Colors and design are, of course, subjective. What you like might not be what someone else likes – and that’s fine. Colour psychology does play a big part in the way a home is perceived, however. Liv for Interiors has a fascinating article on applying color psychology to your home’s interior:
Red promotes energy. In the living or dining room, red draws people together and stimulates conversation. In an entrance hall, it creates a strong first impression. Yellow captures the warmth of sunlight and evokes positivity. It’s a great choice for kitchens, dining rooms and bathrooms, where it is energizing and welcoming. My favorite color is blue. It is believed to bring down blood pressure and slow respiration and heart rate. Deep, bold hues are effective at creating a sense of confidence and are linked to traits such as loyalty, trust, peace and success. Considered calming and serene, this color is often recommended for bedrooms and bathrooms where you want to create a relaxing environment. Combining the invigorating quality of blue and the optimism of yellow, green is suitable for almost any room in the house. It stimulates thoughts of balance, growth and restoration. Neutrals such as black, grey, white and brown are vital to the interior designer’s palette. Their virtue lies in their flexibility – add color to liven things up and remove it for a subtler aesthetic. Grey is one of those versatile colours that can be warm or cool, and can evoke feelings of calm and security. Black’s neutrality gives it a fail-safe quality and creates an elegance that results in power, drama and mystery.Liv for Interiors
I like a neutral background and add pops of color with pillows, throws, and art. It makes it easier to refresh the look of a room or to decorate for holidays too.
Give It Heart
Is there one spot or room in your home that’s yours? For many of us it is in the bedroom. For others, it could be a corner in the living room. A comfortable chair, a reading light, a side table to hold drinks and books, and if you’re lucky, maybe even a view could be the elements that surround you with comfort. How about a fantasy reading nook or a comfortable chair in the garden? My spot is an extension of me.

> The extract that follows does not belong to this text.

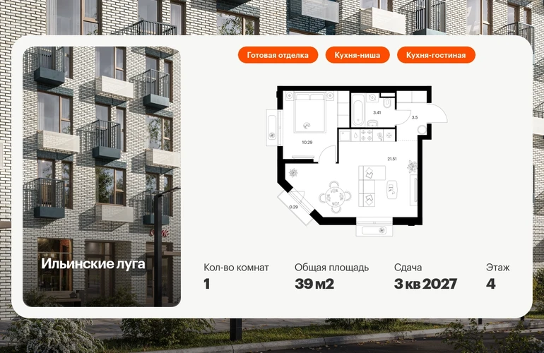 Продаётся 1-комн.квартира площадью 39.00 кв.м на 4 этаже 9 этажного дома (Корпус 4.2, секция 2) проекта ПИК Ильинские луга. Светлый просторный подъезд на уровне земли, функциональная планировка, большие окна, с отделкой. Артикул - 1015420О застройщике

When it comes to caring for other family members who share the spaces in our homes, is there a place where everyone is comfortable together? Maybe everyone gathers at a table, a couch, around the fireplace or TV. Does someone always seem cold and need a throw? Someone you love may need a box of tissues by their chair. A furry family member may be happiest in your lap or by you. I am always hearing on home design shows that the kitchen is the heart of the home. It is now the culturally accepted spot for families to gather. I, however, feel the heart of the home are the family members who live there and care for each other. When children are small, parents work to make home a safe, loving space. As children grow, they add more and more to what makes home special, joyful, and accepting. That’s what makes it hard when they grow up and make their own homes. It’s what you want and yet it’s what can hurt. I wish you all love, kindness, and acceptance, and I send you a dream of a home that is your happy place.
This was a collaborative post but all opinions are my own.